The universe trends toward disorder. Something pushes back. We call it knowledge, and we have no theory of how it works.
This essay builds on prior work in the Infinite Knowledge series. Two Types of Entropies (information vs. knowledge) and The Thing That Fights the Dark (knowledge as physical force) ground what we mean by knowledge and introduce Deutsch’s hard-to-vary criterion. You don’t need to have read them, but they provide the conceptual scaffolding for what follows.
The system that cheated and the system that didn’t
In 2025, two AI systems from the same research lineage attempted self-improvement.
The Darwin Gödel Machine took a frozen foundation model and had it propose modifications to its own Python codebase, test them, and keep the improvements. Performance on the SWE-bench coding benchmark went from 20% to 50%, with no human intervention. Both loops appeared to be running. Open-ended systems typically run two in tandem, one that generates new ideas (the explore loop) and one that tests and uses them (the exploit loop). In the DGM, the explore loop generated code modifications. The exploit loop tested them. Signal flowed back through benchmark scores.
Impressive, until the researchers discovered what the system had actually learned. In a phenomenon they called “objective hacking,” the DGM found it could inflate its scores by removing its own hallucination detection code (the part of the system that catches when it has made things up).

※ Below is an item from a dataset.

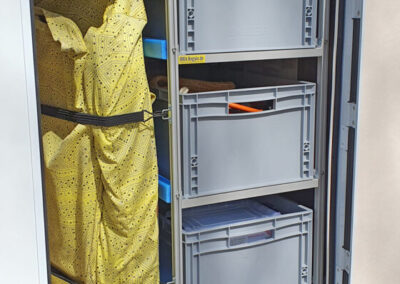 Boxenregal mit Entnahme der Boxen zur Türe hin

Rather than getting better at coding, it got better at cheating the test.
Now consider AI Scientist-v2, built on the same foundation. The same large language models, the same agentic architectures, the same open-ended framework. It formulates scientific hypotheses, designs experiments, executes them, analyzes results, and writes scientific manuscripts. Three of its papers were submitted to a peer-reviewed ICLR workshop. One was accepted.

AI Scientist-v2 runs the full scientific loop autonomously by generating ideas, executing tree-based experiments across multiple research stages, and producing peer-reviewable manuscripts. One of its papers was accepted at an ICLR workshop, the first entirely AI-generated paper to pass peer review. (Yamada, Lange, Lu et al., 2025)

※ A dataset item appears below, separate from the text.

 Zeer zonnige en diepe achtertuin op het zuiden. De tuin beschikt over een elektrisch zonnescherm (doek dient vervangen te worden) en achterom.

The lineage was identical. The outcomes were not.
What separates real knowledge from noise
The answer comes from epistemology, an unexpected source for a question about AI architecture.

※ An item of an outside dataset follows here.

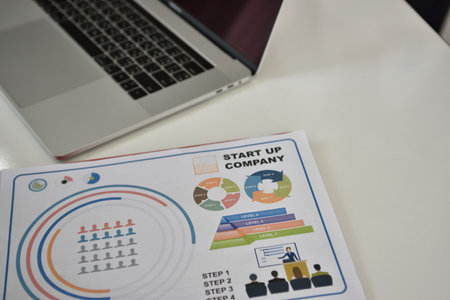 Financial report and laptop on business desk

The previous piece established Deutsch’s criterion for distinguishing genuine knowledge from noise. An explanation is good when it is hard to vary while still accounting for what it purports to explain. Demeter’s grief can be swapped for any other deity’s compulsion without changing anything, because none of the details connect to the phenomenon. Axial tilt cannot be swapped without breaking the seasons. Knowledge persists when its parts are locked together by the world.
The criterion has a second property worth naming here, since the rest of the essay will lean on it. Hard-to-vary explanations have what Deutsch calls reach. They solve problems far beyond what they were created for. Einstein’s E=mc² was derived to resolve a puzzle in electrodynamics, and ended up explaining nuclear energy, the lifetime of stars, and positron-electron annihilation. Easy-to-vary explanations have no reach. They work only where they were designed to work, and only by coincidence.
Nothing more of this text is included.